VIDEO. Vandalisme : L’artiste-kamikaze, Piotr Pavlenski, met le feu aux services secrets russes

Piotr Pavlenski est coutumier des « performances » à forte connotation politique. Là, il s’en est pris aux services secrets…

Un artiste russe, connu pour s’être cloué les testicules sur la place Rouge, a été arrêté ce lundi après avoir mis le feu aux portes en bois de la Loubianka, l’imposant immeuble des services secrets (le bâtiment a longtemps abrité le KGB et aujourd’hui son successeur le FSB) à Moscou.

Il a posté la vidéo de sa performance

Coutumier des « performances » à forte connotation politique, Piotr Pavlenski est maintenant poursuivi pour vandalisme, un délit passible de trois ans de prison en Russie. Juste avant son interpellation, l’artiste a publié une vidéo de sa performancesur le réseau social Vimeo. On le voit, debout et immobile, un jerrican d’essence à la main, devant les flammes. Un policier finit par arriver en courant et le saisit par le bras.

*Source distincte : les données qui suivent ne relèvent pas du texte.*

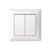 Switch with screwless terminals. The terminals are for max 2 rigid wires. Including cover frame, switch insert and rocker. Bio-circular plastics used in the frame.

« La porte en flammes de la Loubianka est un gant jeté par la société à la figure de la menace terroriste », a-t-il écrit dans un message publié avec la vidéo. « Les services fédéraux de sécurité [le FSB] utilisent la terreur sans fin pour tenir sous leur pouvoir 146 millions de personnes. »

Il est toujours sous le coup de poursuites

La Loubianka a été le tristement célèbre quartier général de la police politique à l’époque soviétique. Il abrite aujourd’hui les locaux du FSB et est associé, dans l’esprit des opposants libéraux et démocrates, à la politique de musèlement de la société civile depuis l’arrivée au pouvoir en 2000 de Vladimir Poutine. Le président russe a lui-même été un agent du KGB, notamment en Allemagne de l’Est jusqu’à la chute du mur de Berlin, puis directeur du FSB à la fin des années 1990.

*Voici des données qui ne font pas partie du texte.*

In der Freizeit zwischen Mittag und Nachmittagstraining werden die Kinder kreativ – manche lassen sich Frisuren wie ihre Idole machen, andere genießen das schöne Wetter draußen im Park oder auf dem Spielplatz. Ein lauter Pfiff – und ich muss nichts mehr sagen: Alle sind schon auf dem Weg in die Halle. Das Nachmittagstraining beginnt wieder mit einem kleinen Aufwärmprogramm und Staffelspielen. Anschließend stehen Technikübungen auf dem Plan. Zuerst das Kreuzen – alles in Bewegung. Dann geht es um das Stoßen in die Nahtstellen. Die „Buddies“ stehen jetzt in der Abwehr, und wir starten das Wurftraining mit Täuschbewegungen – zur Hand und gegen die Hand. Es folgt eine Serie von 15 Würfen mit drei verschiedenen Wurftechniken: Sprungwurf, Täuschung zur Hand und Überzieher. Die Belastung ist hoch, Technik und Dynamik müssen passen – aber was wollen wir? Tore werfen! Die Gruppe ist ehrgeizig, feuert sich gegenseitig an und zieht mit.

En 2013, Piotr Pavlenski avait cloué la peau de ses testicules entre les pavés de la place Rouge. Mais après enquête, la justice russe avait clos le dossier estimant qu’il n’avait commis « aucune infraction ». Il est toujours sous le coup de poursuites judiciaires après avoir brûlé des pneus dans la rue à Saint-Pétersbourg en février 2014, en soutien aux manifestations antigouvernementales à Kiev.

En 2012, il s’était aussi cousu les lèvres en signe de soutien au groupe contestataire Pussy Riot. En mai 2013, il s’était présenté nu, le corps entouré de barbelés, à l’assemblée de Saint-Pétersbourg pour protester contre le vote de lois selon lui répressives en Russie.